On the subject of the tomb in which the caves are accessed. Dr Hawass claims that it is fully recorded, but the only modern evidence which has come to light since the cave controversy began is a previously unpublished plan drawn in 1939 by a draftsman working with American Egyptologist George Reisner (click here to see the plan and here to read my response), as well as a rough plan sketched in the Expedition diary for the date Friday, April 28th, 1939 (link to follow). The latter is slightly more detailed, and shows the opening in the wall that provides access to the cave complex. However, the caves themselves are not shown. How could this possibly be? How it is that a methodical Egyptologist like Reisner failed to record the existence of a massive cave system unique to the plateau? Somehow, it just doesn’t make sense. Perhaps he just wasn’t interested in exploring natural caves, or simply did not have the time to venture further. Since the ominous shadow of the Second World War was looming ever closer, and the tomb had already been ear-marked as a makeshift air raid shelter for his workers, I suspect that he had other things on his mind.

The only people known to have entered the tomb other than Salt and Caviglia is Col.
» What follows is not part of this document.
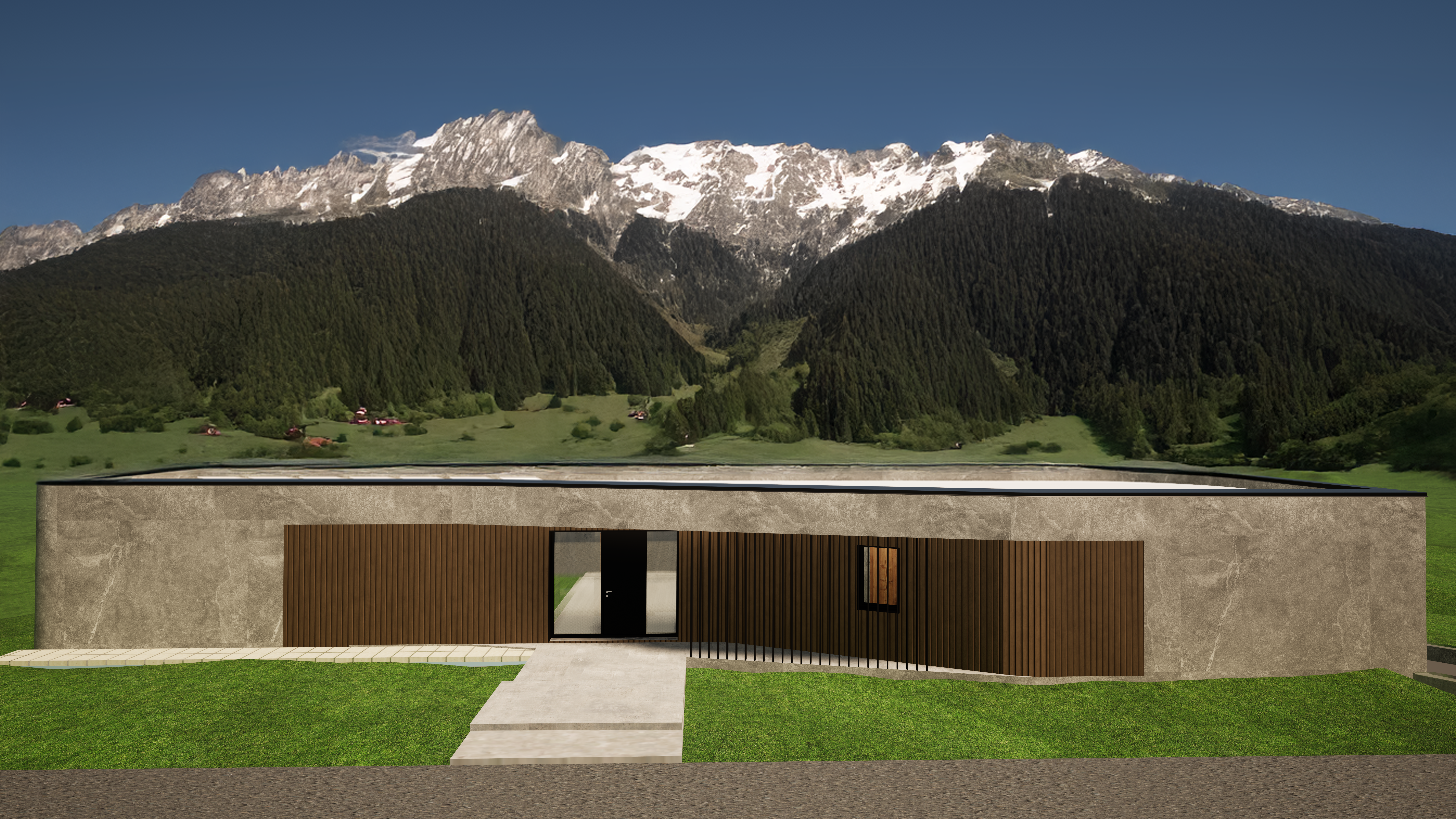 replace the wooden cladding with photorealistic vertical slatted wood showing natural tone variations and fine grain keep the existing stone wall texture from the photo completely unchanged replace the current background with a neutral minimal one soft grey or white to highlight the building ensure high resolution photorealistic architectural quality

Richard Howard Vyse and British engineer John Shae Perring. Their team explored the tomb in 1837, discovering the remains of bird and animal mummies (the reason why we refer to it as the “Tomb of the Birds”). It is likely that the tomb came to be venerated as the site of a local bird god, most obviously the falcon-headed Sokar, the patron of the Giza necropolis, due to the presence of the caves. This might well have been seen as the entrance to the underworld of Giza-Memphis, over which Sokar had dominion. As you also read in the book, the caves (el-kahf in Arabic) are in local tradition said to be haunted by a giant snake called el-Hanash, a memory perhaps of the serpents that the ancient Egyptians believed frequented the cave underworld that the pharaoh had to pass on his way to the afterlife. I talk also about the tradition existing through to medieval times that either the Great Pyramid or Second Pyramid was thought to be the tomb of Agathodaimon, the “good spirit”, a Gnostic god in the form of a serpent, which was said to “repose”, i.e. rest, beneath the plateau.